The four putative Vk sequences were added to our existing 
NZW IgBLAST database, which was then used to assign germline 
Vk usage (Figure 3). Contrary to the sharp germline restriction 
seen in the VH gene repertoire, Vk gene usage is very diverse, 
with the top germline gene segment used at — 1 0—20% and 30 Vk 
germlines utilized at least > 1 % (of total unique Vk sequences) 
across the three rabbits. Jk germline usage, on the other hand, is 
mostly restricted to the IGKJ1_2 gene (~90%) and to a very small 
extent IGKJ1_1 and IGKJ2_2. 

Characterization of the CDRH3 and CDRL3 in the rabbit 
IgG repertoire as compared to other species 

In addition to the rabbit NGS data set, we also analyzed human 
[42], mouse [18], and chicken NGS data sets to compare and 
contrast repertoire characteristics across species. For the chicken, 
we obtained 320,468 high quality VH sequence reads (231,165 
unique VH amino acid sequences) from the splenic B cell 
repertoire of a white leghorn chicken using the Illumina MiSeq 
2x250 NGS platform. A comparison of the CDRH3 length 
distribution is shown in Figure 4. Rabbit IgG CDRH3 lengths are 
intermediate (mean = 14.8±3.6 aa, mode = 13 aa) relative to 
mice (mean =11.1 ±2.0 aa, mode =10 aa), humans (mean 
= 15.3±4.0 aa, mode = 15 aa), and chickens (mean = 17.9±2.8 
aa, mode =16 aa). The length distribution of the CDRH3 for all 
unique IgG sequences was similar across all three rabbits (Figure 
S3). For CDRL3, mice and humans both exhibit very little 
junctional diversity and are severely restricted in length, with the 
vast majority of CDRL3s for both species being 9± 1 amino acids 
(Figure 4); However, the rabbit exhibits significant junctional 
diversity in the CDRL3, with a wide distribution of CDRL3 
lengths (range: 5aa-16aa) and a much greater mean length, equal 
to 12±1.6 aa. 

The amino acid composition of the rabbit Ig CDRH3 is 
dominated by tyrosine (Y), glycine (G), and aspartate (D) which 
together represent half (49%) of the amino acid usage in the 
CDRH3 loop (Figure 4), while the top five amino acids used 
(GYDAS) represent a full two-thirds (66%) of the amino acid 
usage. In that regard, the overall amino acid utilization in the 
rabbit is highly similar to the other species, consistent with earlier 
observations [43] that the average hydrophobicity of CDRH3 — 



and, hence, the center of the antigen binding site — is conserved 
across evolution to be slightly hydrophilic and enriched for glycine, 
serine and tyrosine. Nevertheless, when compared to other species, 
the CDRH3 amino acid composition in rabbits does show some 
distinct features. Human CDRH3s use glycine and tyrosine at a 
much lower frequency than that seen in rabbits. Chicken 
CDRH3s have less tyrosine (~2-fold less than rabbits) but utilize 
much higher cysteine content (~ 5- 10-fold higher than humans or 
rabbits). The higher utilization of Cys residues in the chicken 
CDRH3 repertoire has previously been shown to be important for 
stabilizing (by disulfide bonds) the longer CDRH3 loops seen in 
chickens [44]. The amino acid utilization of the rabbit CDRL3 is 
also shown in Figure 4 for comparative purposes. 
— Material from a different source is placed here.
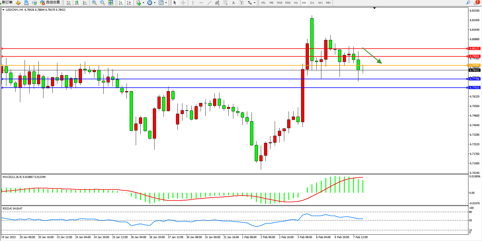 交易策略:6.78787下方看跌,目标6.77706、6.77015

Diversification of the rabbit IgG repertoire by SHM and 
gene conversion 

The rabbit Ig repertoire is known to undergo extensive AID- 
mediated mutagenesis (via both SHM and gene conversion) early 
on in development when the antigen-inexperienced naive B cell 
repertoire migrates from the bone marrow to the GALT [6]. 
Earlier studies with rabbits lacking an established gut microflora 
demonstrated significantly reduced levels of AID-mediated diver- 
sification of the repertoire, with most Ig having sequences that 
approximate the germline elements from which they are derived 
[14,38]. 

We compared the overall level of mutation (combined SHM 
and gene conversion) within the IgG repertoires of rabbits, 
chicken, mice and humans (Figure 5). The mutational load varied 
as follows: chicken>rabbit ~ human>mouse. It should be noted 
that the reported mutational load is a combination of both 
biological processes mediated by AID and inherent PCR/ 
sequencing error, which has been reported to be approximately 
1% for both 454 GS-FLX [45] and Illumina MiSeq sequencing 
[46] . To determine the relative contribution of gene conversion to 
the diversification of the primary repertoire, we developed a script 
that searches Ig sequences for tracts of putative gene conversion 
events. Gene conversion tracts are detected as a contiguous block 
of nucleotides within a query Ig sequence that closely matches a 
different germline element (e.g. not the query's assigned germline 
element) in the IgBLAST database. Additionally, to rule out 
possible PCR template switching artifacts, the gene conversion 
tracts were required to be bound on each end by positions (tracts)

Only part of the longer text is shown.